Je remarque qu'effectivement,  si comme le suggère le texte soumis à notre sagacité le Gouvernement "s'arroge" les pleins pouvoirs sans en référer aux Chambres, alors oui c'est inconstitutionnel. Mais ici "Government" doit comprendre l'Exécutif et les représenants élus, et puis ce serait stupide de faire un coup d'état. Comme Pétain en 1941, on trouve toujours une Chambre pour voter les pleins pouvoirs...


----------



## mally pense

> pour indemniser les auteurs [de cet acte inconstitutionnel, contre toute poursuite en justice pour usurpation...


In English this time (my brain hurts!), we don't _know_ for certain that the "indemnify" in the original text is against "poursuites en justice". That is a detail that has been added into the translation based on an assumption. The question is, I suppose, whether that assumption is reasonable and justified from what we know of the context.


----------



## Denis the fatalist

The Parliament doesn't sue, it decides if the suspicious guy w'll be sued or not.


----------



## mally pense

> je croyais que l'on exerçait un pouvoir? qui serait dans ce cas non-conforme à la constitution ou anti-constitutionnel?


 
Seulement après qu'on a assumé un pouvoir peut-on l'exercer ?

_[not brilliant French ]_


----------



## Denis the fatalist

Si tout va bien les deux sont synonymes et simultanés. Assumer est aussi un état d'esprit, d'intelligence et de responsabilité, exercer peut n'être que mettre en pratique - bien ou mal...


----------



## DOM78

Wow ! Je ne pensais pas jeter un tel pavé dans la mare ! Quels remous, je suis ravie .... Merci tout le monde !


----------



## DOM78

If it may help, the following context is :

"The proclamations to which Lord Heytesbury refers, may be useful as precedents, but they leave the matter where they found it in point of law ; they give no sort of authority"

Allez, encore un effort  vous êtes super !
Merci beaucoup


----------



## Nono2007

Pour aider à la compréhension :
Il s'agit effectivement d'un texte sur la famine de 1847 en Irlande, le texte complet peut être trouvé avec google "Governments have assumed and will assume, in extreme cases" (désolé, je n'ai pas le droit aux liens)
Il y est question des solutions possibles à cette famine causée par une maladie des pomme de terre : autoriser des importations de mais ou interdire l'exportation d'avoine. Le gouvernement est en tout cas devant un grand péril.
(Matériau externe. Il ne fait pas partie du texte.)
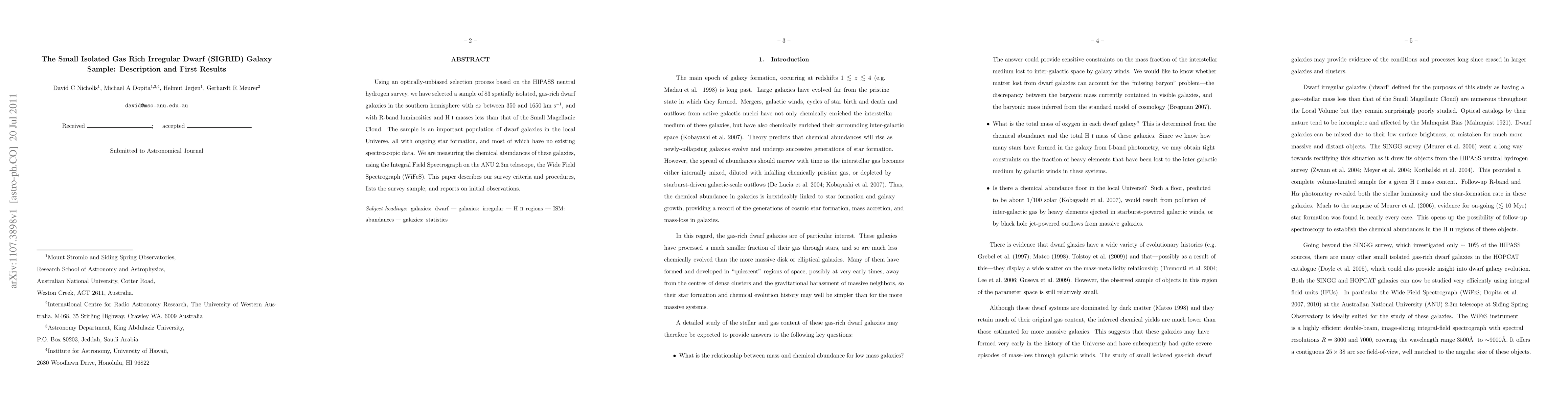 Using an optically-unbiased selection process based on the HIPASS neutral hydrogen survey, we have selected a sample of 83 spatially isolated, gas-rich dwarf galaxies in the southern hemisphere with cz between 350 and 1650 km s-1, and with R-band luminosities and HI masses less than that of the Small Magellanic Cloud. The sample is an important population of dwarf galaxies in the local Universe, all with ongoing star formation, and most of which have no existing spectroscopic data. We are measuring the chemical abundances of these galaxies, using the Integral Field Spectrograph on the ANU 2.3m telescope, the Wide Field Spectrograph (WiFeS). This paper describes our survey criteria and procedures, lists the survey sample, and reports on initial observations.
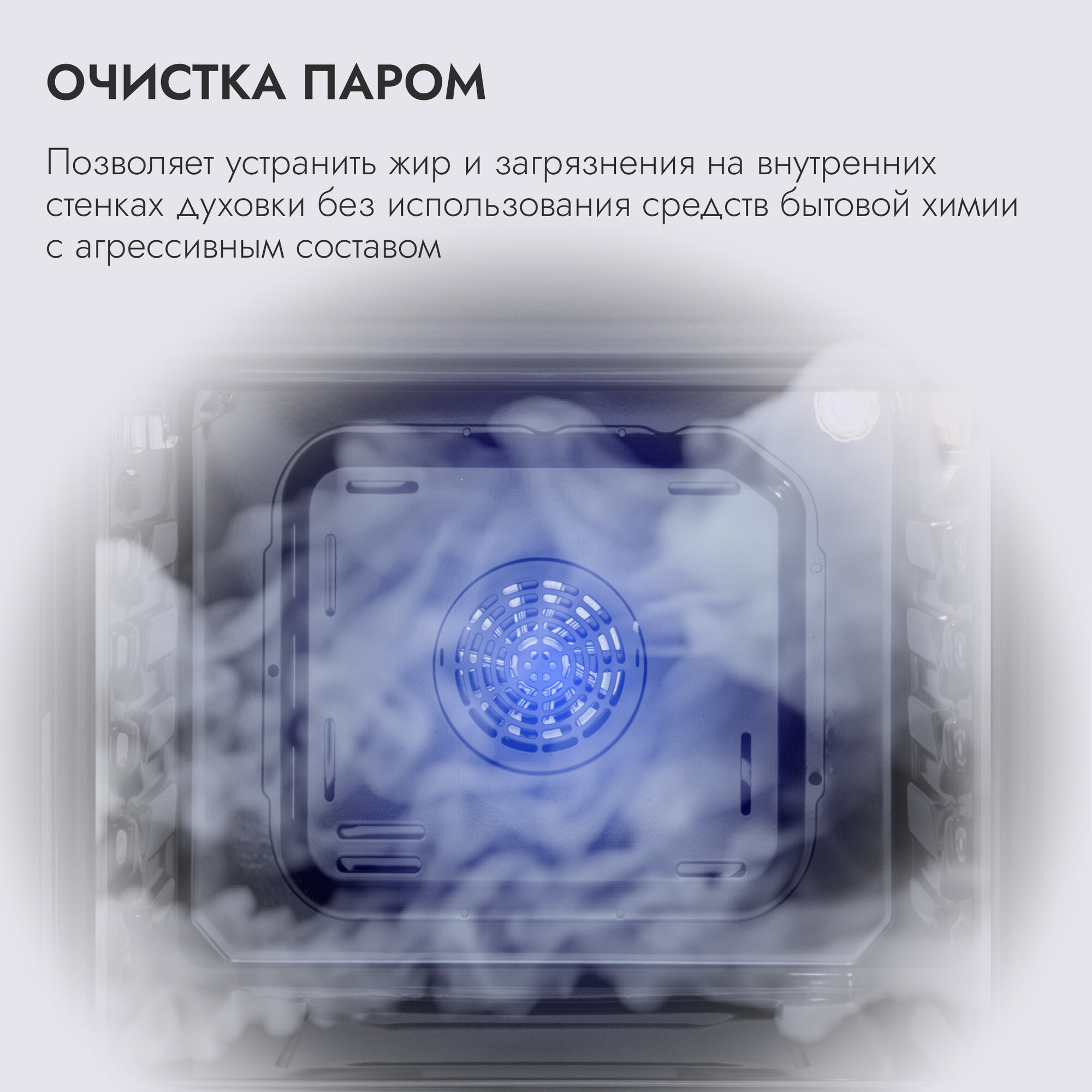 Духовой шкаф DELVENTO V6EM16001 электрический встраиваемый 60см серый / 5 режимов (конвекция) / пароочистка / подсветка / таймер 90 мин / двойное стекло LOW-E / стандартный + круглый противень / автоотключение / 3 года гарантии /

Il peut être nécessaire de passer par dessus la constitution pour trouver une solution.
Extrait du texte :
"Surely, anybody can see, that for a Government to meet an extraordinary evil by an extraordinary remedy, would not only be sanctioned by an Act of Indemnity, but would be certain to receive the warm approval of Parliament"


----------



## Mezzofanti

Le nouveau contexte confirme qu'il ne s'agit pas de s'arroger de _pleins pouvoirs_, mais seulement tel ou tel pouvoir au-delà de ce que la constitution prévoit. Je reste sur la traduction que j'ai déjà proposée.


----------



## Nono2007

"Indemnify the issuers" pourrait signifier aussi "garantir l'immunité des responsables"? 
Cela explique "Act of immunity" dans l'extrait que j'ai cité, qui pourrait se traduire par "Loi d'Immunité"?
Merci de confirmer Mezzofanti


----------



## Mezzofanti

> "Indemnify the issuers" pourrait signifier aussi "garantir l'immunité des responsables"?
> Cela explique "Act of immunity" dans l'extrait que j'ai cité, qui pourrait se traduire par "Loi d'Immunité"?
> Merci de confirmer Mezzofanti


 
"Garantir l'immunité" est en effet mieux que ce que j'avais mis. _Responsables_ n'est pas à mon avis aussi précis que "issuers" encore que cela revient peut-être à la même chose.


----------



## Denis the fatalist

Les pleins pouvoirs, dans un état de droit, sont forcément limités... par la constitution à un contexte précis. Peut-être qu'au temps de Lord Machin truc ce n'était pas le cas ?


----------



## tourne

pour éviter anti-constitutionnel pourquoi pas :

dans les cas extrèmes, le gouvernement peut, il l'a fait et le fera,  sortir du cadre constitutionnel et faire confiance au bon sens du peuple...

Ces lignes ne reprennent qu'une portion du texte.